# How to complete this task
In duplicating the lines below, keep every word unchanged and drop the pictures.

# Material for this exercise
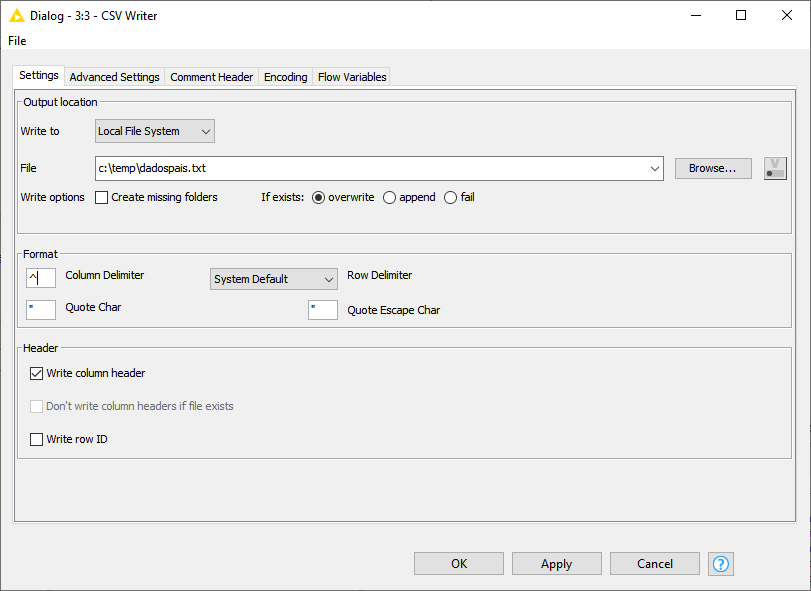 Agora clicando com o botão da direita sobre o node do CSV Writer, clique em Configure e informe os dados solicitados. Aqui podemos informar o arquivo que será criado, o que fazer caso o arquivo exista, delimitadores e header do arquivo. Ao final clique em Apply->OK
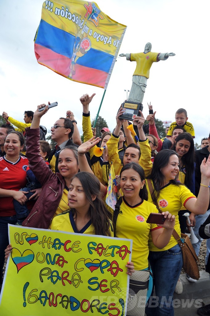【7月7日 AFP】サッカーW杯ブラジル大会(2014 World Cup)で、初のベスト8入りを果たしたコロンビア代表が6日に帰国し、ボゴタ(Bogota)では、凱旋した英雄の姿をひと目見ようとする多数のファンで通りが埋め尽くされた。
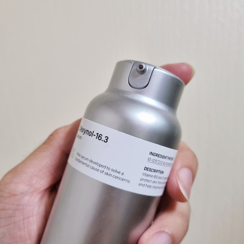 Chai serum có vẻ ngoài độc lạ này sẽ gây ấn tượng với người dùng ngay từ lần đầu ngắm nhìn. Khác hoàn toàn với các dòng serum khác được đựng trong lọ thủy thinh hay nhựa có ống dẫn, serum Dexynol-16.3 lại được đựng trong một chai bạc với giao diện khá lạ. Chính nhờ vỏ ngoài độc lạ này đã giúp bảo quản trọn vẹn dưỡng chất của serum Dexynol-16.3 để tinh chất khi lên da sẽ giữ nguyên cấu tạo và phát huy tối đa công dụng “chữa lành” làn da.
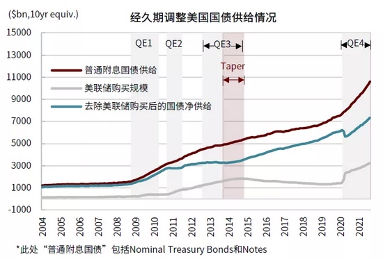 图表:美国国债的供给与QE购债需求都在不断变化(图表中为Nominal Coupon Treasury的供给需求量,已换算为久期相当的10年期国债量)
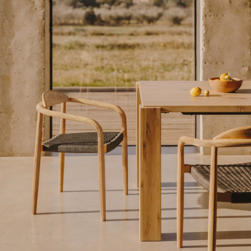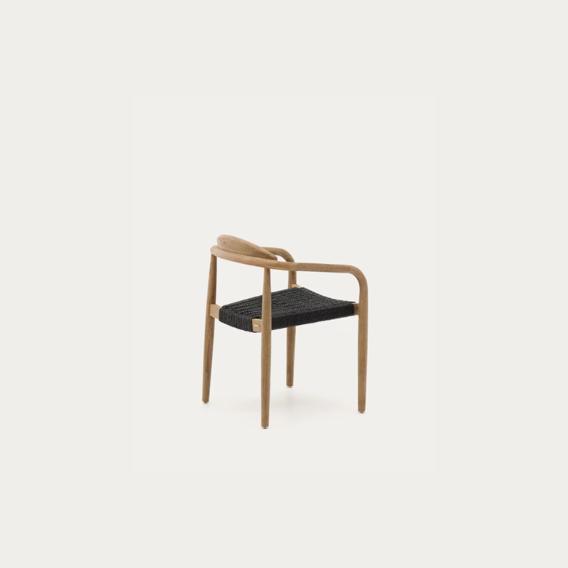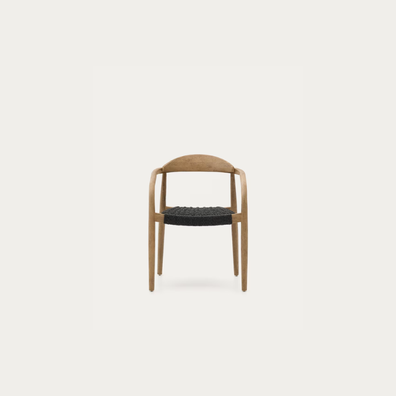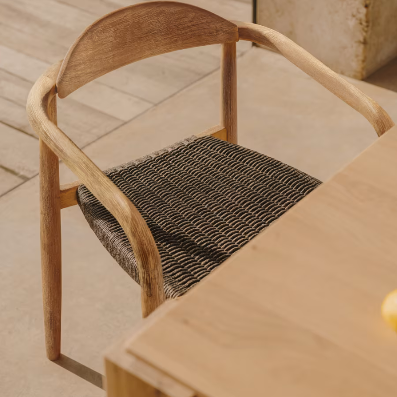 Une chaise empilable avec accoudoirs, conçue avec des matières naturelles et une fabrication artisanale.

# Task solution
 Agora clicando com o botão da direita sobre o node do CSV Writer, clique em Configure e informe os dados solicitados. Aqui podemos informar o arquivo que será criado, o que fazer caso o arquivo exista, delimitadores e header do arquivo. Ao final clique em Apply->OK
【7月7日 AFP】サッカーW杯ブラジル大会(2014 World Cup)で、初のベスト8入りを果たしたコロンビア代表が6日に帰国し、ボゴタ(Bogota)では、凱旋した英雄の姿をひと目見ようとする多数のファンで通りが埋め尽くされた。
 Chai serum có vẻ ngoài độc lạ này sẽ gây ấn tượng với người dùng ngay từ lần đầu ngắm nhìn. Khác hoàn toàn với các dòng serum khác được đựng trong lọ thủy thinh hay nhựa có ống dẫn, serum Dexynol-16.3 lại được đựng trong một chai bạc với giao diện khá lạ. Chính nhờ vỏ ngoài độc lạ này đã giúp bảo quản trọn vẹn dưỡng chất của serum Dexynol-16.3 để tinh chất khi lên da sẽ giữ nguyên cấu tạo và phát huy tối đa công dụng “chữa lành” làn da.
 图表:美国国债的供给与QE购债需求都在不断变化(图表中为Nominal Coupon Treasury的供给需求量,已换算为久期相当的10年期国债量)
 Une chaise empilable avec accoudoirs, conçue avec des matières naturelles et une fabrication artisanale.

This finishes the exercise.